- _What to work on_
Below are the records; extract from them the line containing "A team featuring" to the line containing "10kt Rose Gold", both lines included, exactly and with no pictures.

- _Record extracts_
----

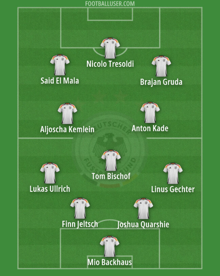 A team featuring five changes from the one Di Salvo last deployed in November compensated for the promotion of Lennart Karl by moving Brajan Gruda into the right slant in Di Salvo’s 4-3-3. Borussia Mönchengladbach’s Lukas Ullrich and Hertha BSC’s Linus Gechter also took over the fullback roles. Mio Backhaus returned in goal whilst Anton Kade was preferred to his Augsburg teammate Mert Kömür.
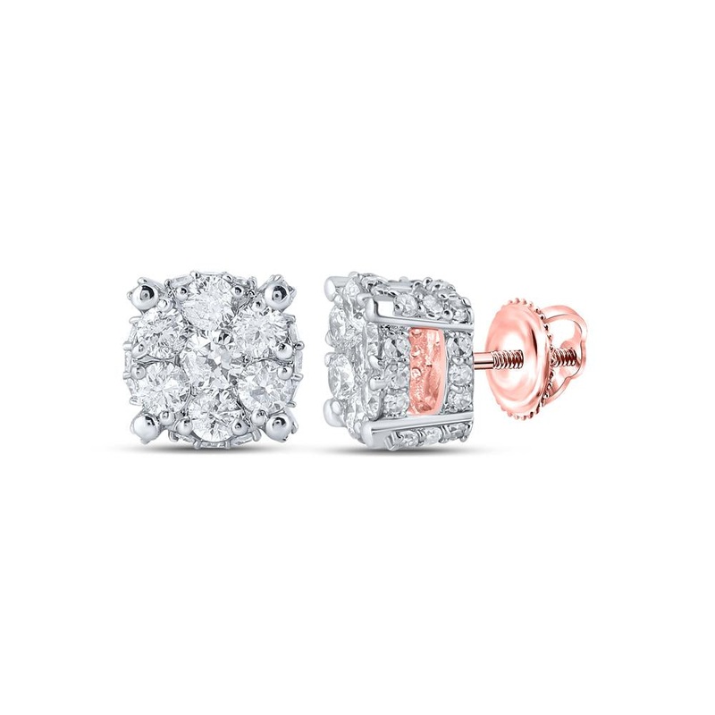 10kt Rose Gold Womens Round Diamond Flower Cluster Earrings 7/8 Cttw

----

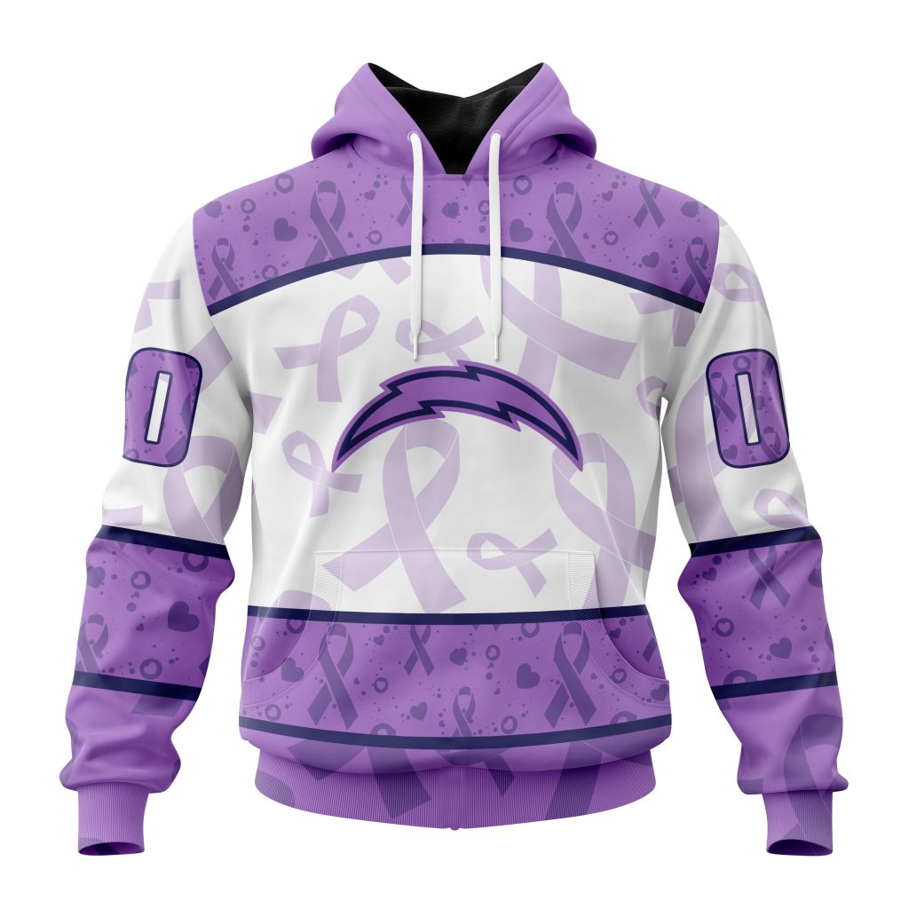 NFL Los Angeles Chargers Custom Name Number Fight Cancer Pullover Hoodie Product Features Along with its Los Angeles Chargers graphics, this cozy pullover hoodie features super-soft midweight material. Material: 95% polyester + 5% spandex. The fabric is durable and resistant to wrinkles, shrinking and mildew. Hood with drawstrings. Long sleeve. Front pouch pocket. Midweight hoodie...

----

- _Solution for this exercise_
 A team featuring five changes from the one Di Salvo last deployed in November compensated for the promotion of Lennart Karl by moving Brajan Gruda into the right slant in Di Salvo’s 4-3-3. Borussia Mönchengladbach’s Lukas Ullrich and Hertha BSC’s Linus Gechter also took over the fullback roles. Mio Backhaus returned in goal whilst Anton Kade was preferred to his Augsburg teammate Mert Kömür.
 10kt Rose Gold Womens Round Diamond Flower Cluster Earrings 7/8 Cttw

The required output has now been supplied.